┌──

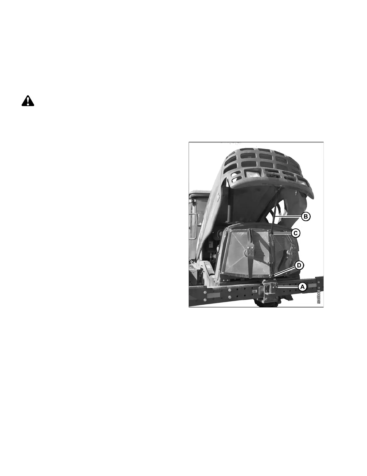 3. Raise hood until strap (B), which should be looped
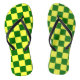 Cheerful yellow and green squares flip flops. Also see the matching neck tie or bandanna.
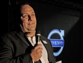After some “words of Volvo” dealer principal Christo Leeuwner introduced short video clips on this very exiting car and then it literally burst though the video screen into the showroom.
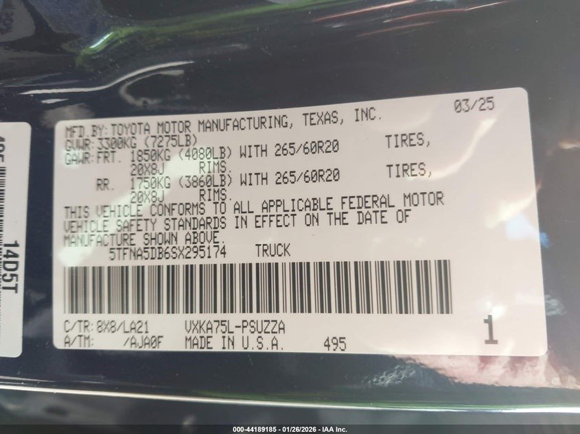 Technical Specifications: 2025 Toyota Tundra (Unit 5TFNA5DB6SX295174
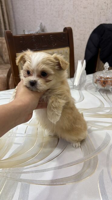 Ana atasının Seklı var 1aylıq erkek bala Miniatür it balası – yığcam ölçü, uzun və yumşaq şaftalı rəngli tüklər, ağ alın-qarın bölgəsi. Qısa pəncələr, yuvarlaq sifət, qara burun və parlaq qəhvəyi gözlər. Ev şəraitinə uyğun, az yer tutur və asanlıqla qucaqda gəzdirilə biləcək qədər yüngüldür. Sakit və mehriban görünüşlü, ailələr və mənzildə yaşayanlar üçün ideal yoldaş. Gündəlik qısa gəzinti və yüngül fırçalanma ilə baxımı rahatdır. Oyuncaqlarla aktiv oynamanı sevir, təlimə həssasdır. Çanta-daşıyıcıda və ya maşında rahat səyahət edə biləcək ölçüdə. Ev heyvanı kimi sevgi dolu və diqqətcil sahiblər üçün uyğun.
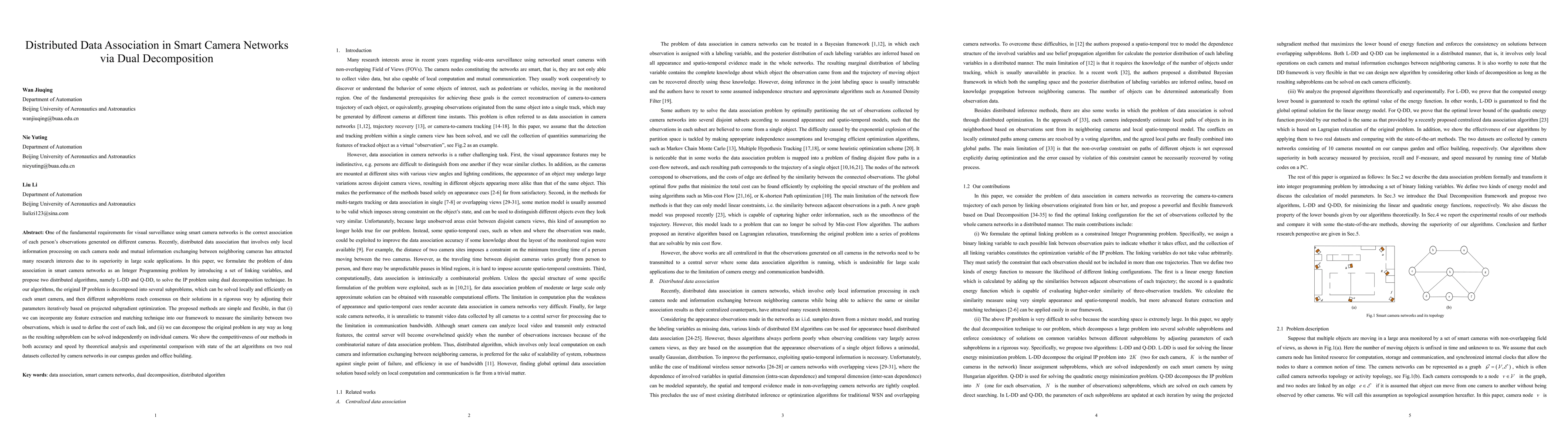 This paper proposes two distributed algorithms, L-DD and Q-DD, for data association in smart camera networks using dual decomposition. The algorithms decompose the Integer Programming problem into local sub-problems, solved efficiently on individual cameras, and achieve consensus through projected sub-gradient optimization, demonstrating competitive accuracy and speed in experiments.

└──

Exactly the lines from the one containing "into the showroom." to the end of the records above, both end lines included, are to be printed, and no pictures with them.

After some “words of Volvo” dealer principal Christo Leeuwner introduced short video clips on this very exiting car and then it literally burst though the video screen into the showroom.
 Technical Specifications: 2025 Toyota Tundra (Unit 5TFNA5DB6SX295174
 Ana atasının Seklı var 1aylıq erkek bala Miniatür it balası – yığcam ölçü, uzun və yumşaq şaftalı rəngli tüklər, ağ alın-qarın bölgəsi. Qısa pəncələr, yuvarlaq sifət, qara burun və parlaq qəhvəyi gözlər. Ev şəraitinə uyğun, az yer tutur və asanlıqla qucaqda gəzdirilə biləcək qədər yüngüldür. Sakit və mehriban görünüşlü, ailələr və mənzildə yaşayanlar üçün ideal yoldaş. Gündəlik qısa gəzinti və yüngül fırçalanma ilə baxımı rahatdır. Oyuncaqlarla aktiv oynamanı sevir, təlimə həssasdır. Çanta-daşıyıcıda və ya maşında rahat səyahət edə biləcək ölçüdə. Ev heyvanı kimi sevgi dolu və diqqətcil sahiblər üçün uyğun.
 This paper proposes two distributed algorithms, L-DD and Q-DD, for data association in smart camera networks using dual decomposition. The algorithms decompose the Integer Programming problem into local sub-problems, solved efficiently on individual cameras, and achieve consensus through projected sub-gradient optimization, demonstrating competitive accuracy and speed in experiments.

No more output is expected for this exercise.